Do novo disco, o 81o da carreira e que sai dia 18, apenas o single “Banho”, de Tulipa Ruiz, já era conhecido dos cerca de 30 convidados, por estar nas plataformas digitais há duas semanas. Dirigido e produzido por Guilherme Kastrup, com coprodução de Romulo Fróes, Marcelo Cabral (baixo e bass synth), Rodrigo Campos (cavaquinho e guitarra) e Kiko Dinucci (guitarra, sintetizador e sampler), a mesma turma paulista do disco “A mulher do fim do mundo” (2015), “Deus é mulher” tem 11 músicas, assinadas por outros compositores como Alice Coutinho, Mariá Portugal, Luciano Melo, Pedro Loureiro, Edgar e Pedro Luís, o autor da canção “Deus há de ser”, de onde Elza tirou o título do disco. 

Depois de um menu com direito a paella e medalhão de filé, os privilegiados, entre eles artistas como Charles Gavin, B Negão, Ava Rocha e Milton Cunha, os aplausos fervorosos, faixa a faixa, indicaram que “Deus é mulher” promete surpreender mais uma vez. Com refrões e frases como “A mulher de dentro de cada um não quer mais silêncio”, “Meu país é meu lugar de fala”, “Exu nas escolas”, “Eu quero dar pra você, mas eu não quero dizer, você precisa aprender a ler”, “Não obedeço porque sou molhada”, Elza Soares reforça sua imagem de mulher antenada com seu tempo. “Meu tempo é now!”, repete a diva, vestida em um terninho branco, com os cabelos e unhas impecavelmente arrumados.
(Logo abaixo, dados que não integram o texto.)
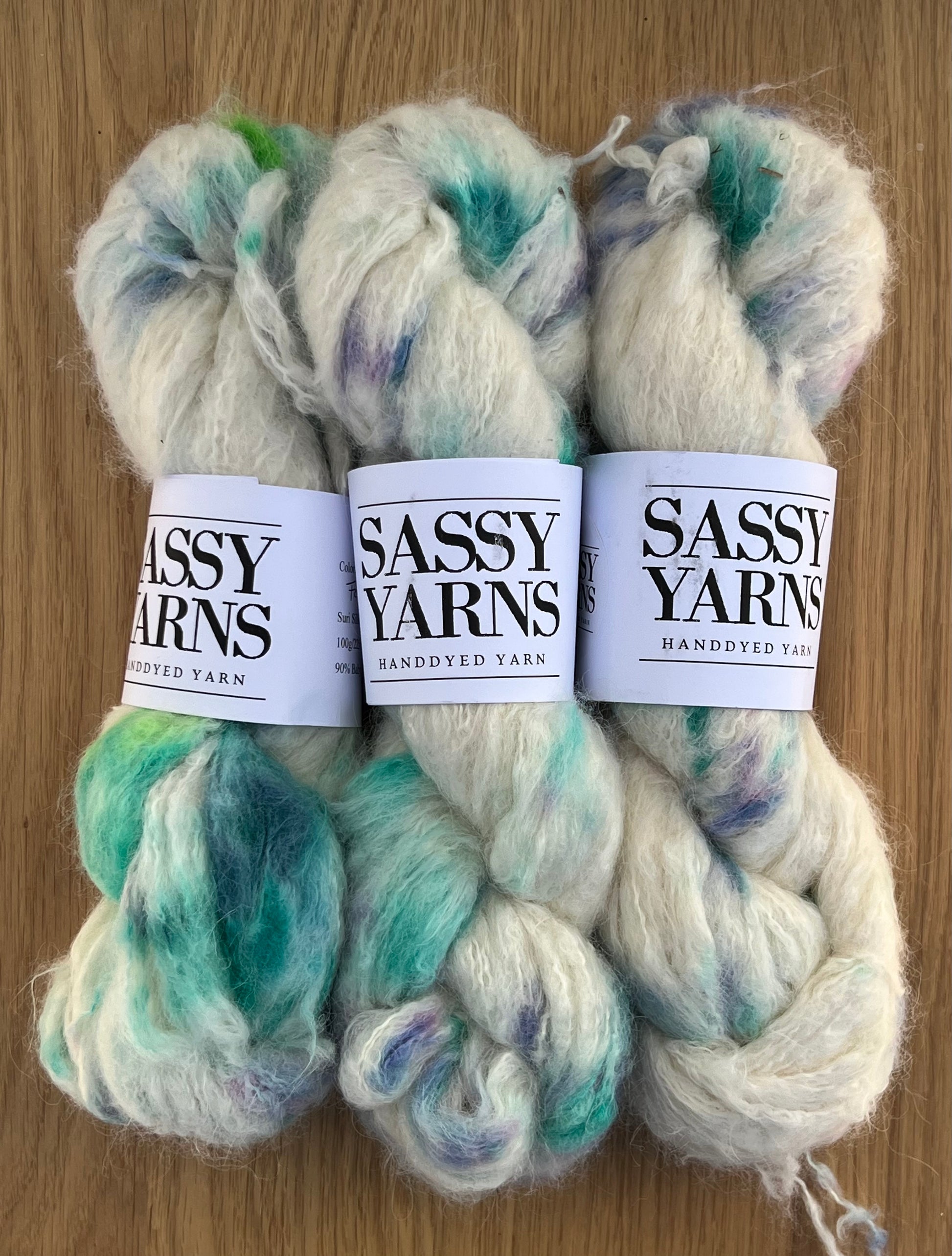 Håndfarvet garn er farvet i små partier og billedet er repræsentative for farvning. Dog er det ikke nødvendigvis det fed du modtager. Ved projekter hvor flere fed er involveret, anbefales det at skifte mellem forskellige fed for at undgå at farver ”grupperer sig”.

Gravado em dez dias entre os estúdios Red Bull (São Paulo) e Tambor (Rio), o disco, que mistura pop, samba, rock e frevo, com estética eletrônica, deu uma canseira: “Confesso que depois fiquei uma semana de cama, com estafa, mas, como sempre na vida, não tive tempo pra sofrer. Estamos em uma nova era, conduzida pela energia feminina. Agradeço tanto a Deus, que hoje fica fácil. Deus é mãe!”, diverte-se, falando sério.
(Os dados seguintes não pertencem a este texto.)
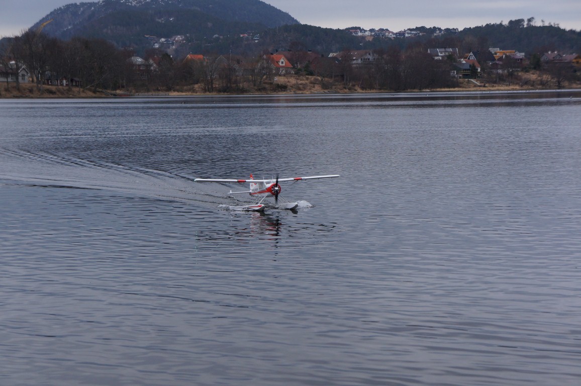 Flyet ser meget fint ut, har godt med lys og fungerende flaps. Jeg har satt opp flapsen i 2 trinn, og satser på å få mikset inn litt elevator etterhvert også. Må nesten prøve meg litt frem på forholdene der, med tanke på hvor mye utslag som skal justeres. Jeg har også valgt å bygge flyet med flottører, da jeg hovedsaklig vil ha denne til bruk på storevannet. Jeg hadde jomfrutur på storevannet etter halltreffet på lørdag, og det gikk veldig greit, til tross for 6 unger rundt beina som spurte om alt, og som skulle stå oppå fjernkontrollen når jeg hadde flyet i lufta (3 av barna var heldigvis mine egne :D ). Det var dessverre ikke så veldig stabile vindforhold, så jeg prøvde ikke flaps, roll eller slikt. Jeg følte meg litt frem på en påbegynt roll, men den virket tung, så jeg avbrøt umiddelbart. Tok noen looper, men ellers var det bare flyving i sirkler og åttetall, pluss noen takeoffs og landinger. Flottører av denne størrelsen gjør ganske mye med flyets egenskaper i lufta, så det er fort gjort å tro at det har bedre egenskaper enn det virkelig har. Liker ikke å prøve ut så mye når jeg må være litt på hugget i forhold til vind, og spesielt siden jeg tar jomfruturen så nært byen. Flyet har godt med power, og det er ikke vanskelig å ta av, eller å lande for den saks skyld. Jeg ser frem til noen fine kvelder på storevannet med dette flyet :D

O fim de uma era machista e preconceituosa, ela já cantou em “A mulher do fim do mundo”, que ganhou o Grammy Latino como o melhor trabalho de música popular brasileira e foi escolhido pela APCA (Associação Paulista dos Críticos de Arte) como o disco do ano. O trabalho, segundo seus produtores, renovou o público de Elza que antes tinha de 50 a 60 anos, em média, e passou a ter uma galera de 19 a 35 anos, que se identifica com as bandeiras que a cantora levanta em defesa da mulher, do negro e do homossexual, contra qualquer discriminação. Entre uma taça e outra de champanhe sem álcool, descoberto na primeira classe de uma de suas viagens de avião, e suco de laranja, Elza vibrava, o tempo todo sentada na janela voltada para o mar, porque “de pé, a coluna não aguenta” – “Que venha mais um Grammy!!”. Ela comentava que não toma bebida alcoólica porque tem trauma – referência ao casamento com o craque Garrincha, que sofria de alcoolismo. “Tenho dedo podre para homem e hoje prefiro estar sozinha em paz. Ninguém deve ficar de joelho ralado pra ninguém”, alerta.

Além da música, sua vida pessoal também deve figurar do musical “Elza”, com texto de Vinícus Calderoni, direção de Duda Maia e direção musical de Pedro Luís, que a produtora Andréa Alves (dos premiados “Gonzagão”, “Auê” e “Suassuna – O auto do Reino do Sol”) leva ao Teatro Riachuelo, a partir de 19 de julho. “A mulher ainda sofre muito calada. As que vivem no campo, então, nem se fala! Fico muito mobilizada. Espero que a minha voz e a minha história ajudem a mudar isso”, anima-se a musa inspiradora. São décadas de histórias de superação e reinvenção de uma mulher que sempre esteve à frente de seu tempo, como constata o jornalista Zeca Camargo, em encontros semanais com a diva, para recolher material para a biografia que está escrevendo. “Percebi que a Elza sofreu muito racismo quando ainda era jovem e que assim que descobriu o início dos movimentos contra o preconceito se sentiu à vontade para botar a boca no mundo”. O livro sai em setembro pela editora Leya.